__Record set__.
※
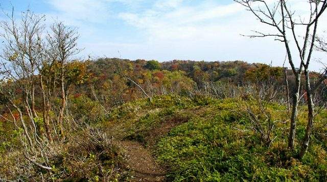 スキー場に出る 周辺もきれいな色。眼下の駐車場までゆるりと下りる。
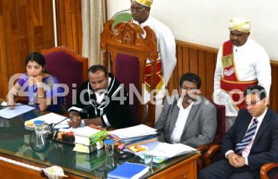 Photo Caption : BBMP Mayor Sampath Raj with Deputy Mayor Padmavathi, BBMP Commissioner Manjunath Prasad and BBMP Councilors during a BBMP council at BBMP, in Bengaluru on Tuesday 12th December 2017
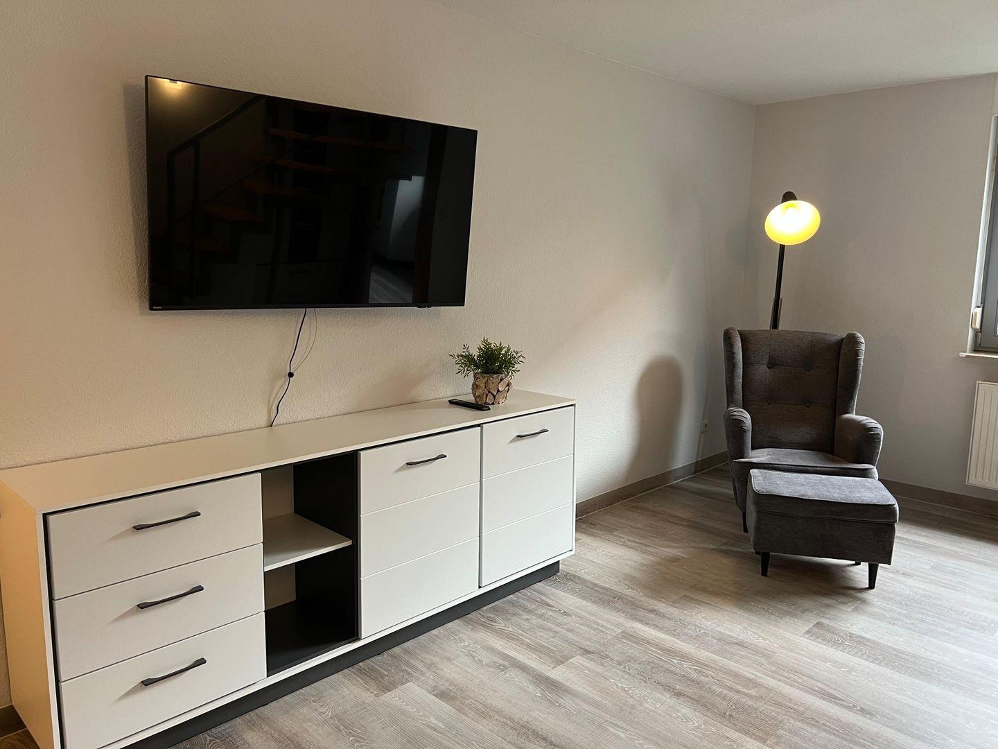 Auf der Terrasse stehen Sitzmöbel sowie ein Grill zur Verfügung. Fahrräder können an dem hauseigenen Fahrradständer angeschlossen werden. WLAN und ein PKW -Parkplatz steht Ihnen ebenfalls kostenfrei zur Verfügung.
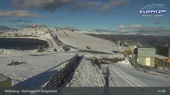 Hier siehst du den Ausblick von der Bergstation Klippitztörl über den Sessellift und die angrenzenden Pisten.
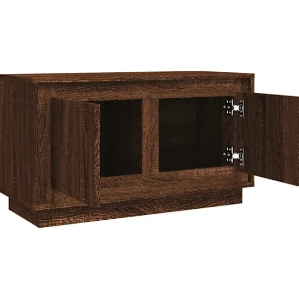 Tack vare sin trendiga och praktiska design blir denna tv-bänk ett riktigt blickfång i ditt rum. Hållbart material: Det konstruerade träet är av exceptionell kvalitet med slät yta och är också starkt, stabilt och fuktbeständigt.Gott om förvaring: Med 2 förvaringsfack har tv-möbeln gott om förvaringsutrymme för att hålla tidningar, DVD-skivor och andra föremål välorganiserade.Robust topp: Tv-bänkens överdel är en säker yta för att visa dekorativa föremål, fotoramar eller krukväxter.Praktiska dörrar: Håll dina väsentligheter fria från damm genom att gömma dem i denna medieenhet. Bra att känna till:För att göra monteringen så enkel som möjligt, levereras varje produkt med en bruksanvisning.
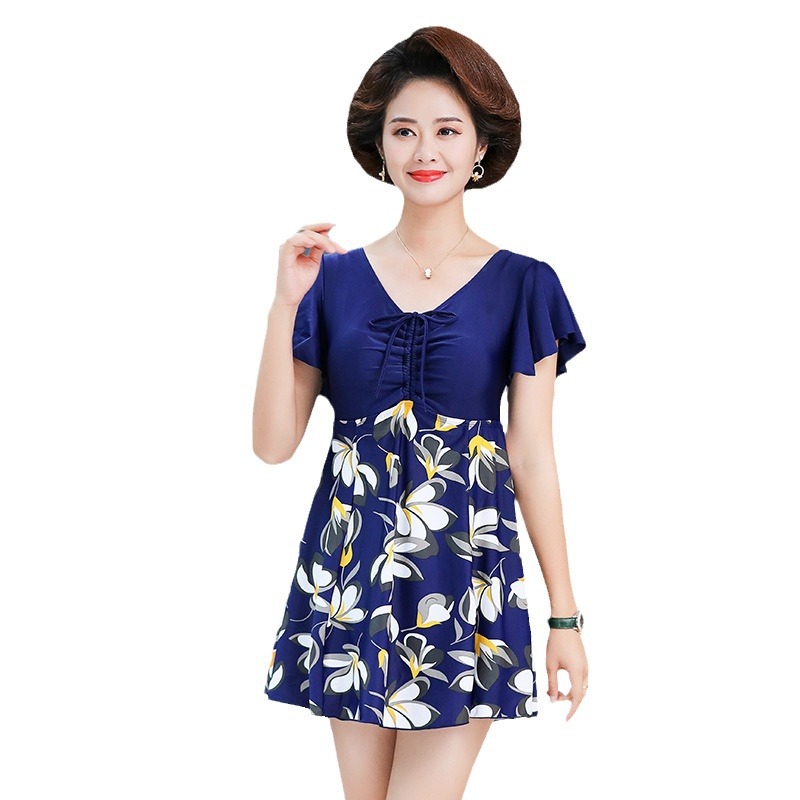 中老年泳衣女加肥加大码裙式分体平角裤宽松保守妈妈泳装
※
__Required work__. Above are records to transcribe exactly; leave their pictures out.

__Solution to the exercise__.
 スキー場に出る 周辺もきれいな色。眼下の駐車場までゆるりと下りる。
 Photo Caption : BBMP Mayor Sampath Raj with Deputy Mayor Padmavathi, BBMP Commissioner Manjunath Prasad and BBMP Councilors during a BBMP council at BBMP, in Bengaluru on Tuesday 12th December 2017
 Auf der Terrasse stehen Sitzmöbel sowie ein Grill zur Verfügung. Fahrräder können an dem hauseigenen Fahrradständer angeschlossen werden. WLAN und ein PKW -Parkplatz steht Ihnen ebenfalls kostenfrei zur Verfügung.
 Hier siehst du den Ausblick von der Bergstation Klippitztörl über den Sessellift und die angrenzenden Pisten.
 Tack vare sin trendiga och praktiska design blir denna tv-bänk ett riktigt blickfång i ditt rum. Hållbart material: Det konstruerade träet är av exceptionell kvalitet med slät yta och är också starkt, stabilt och fuktbeständigt.Gott om förvaring: Med 2 förvaringsfack har tv-möbeln gott om förvaringsutrymme för att hålla tidningar, DVD-skivor och andra föremål välorganiserade.Robust topp: Tv-bänkens överdel är en säker yta för att visa dekorativa föremål, fotoramar eller krukväxter.Praktiska dörrar: Håll dina väsentligheter fria från damm genom att gömma dem i denna medieenhet. Bra att känna till:För att göra monteringen så enkel som möjligt, levereras varje produkt med en bruksanvisning.
 中老年泳衣女加肥加大码裙式分体平角裤宽松保守妈妈泳装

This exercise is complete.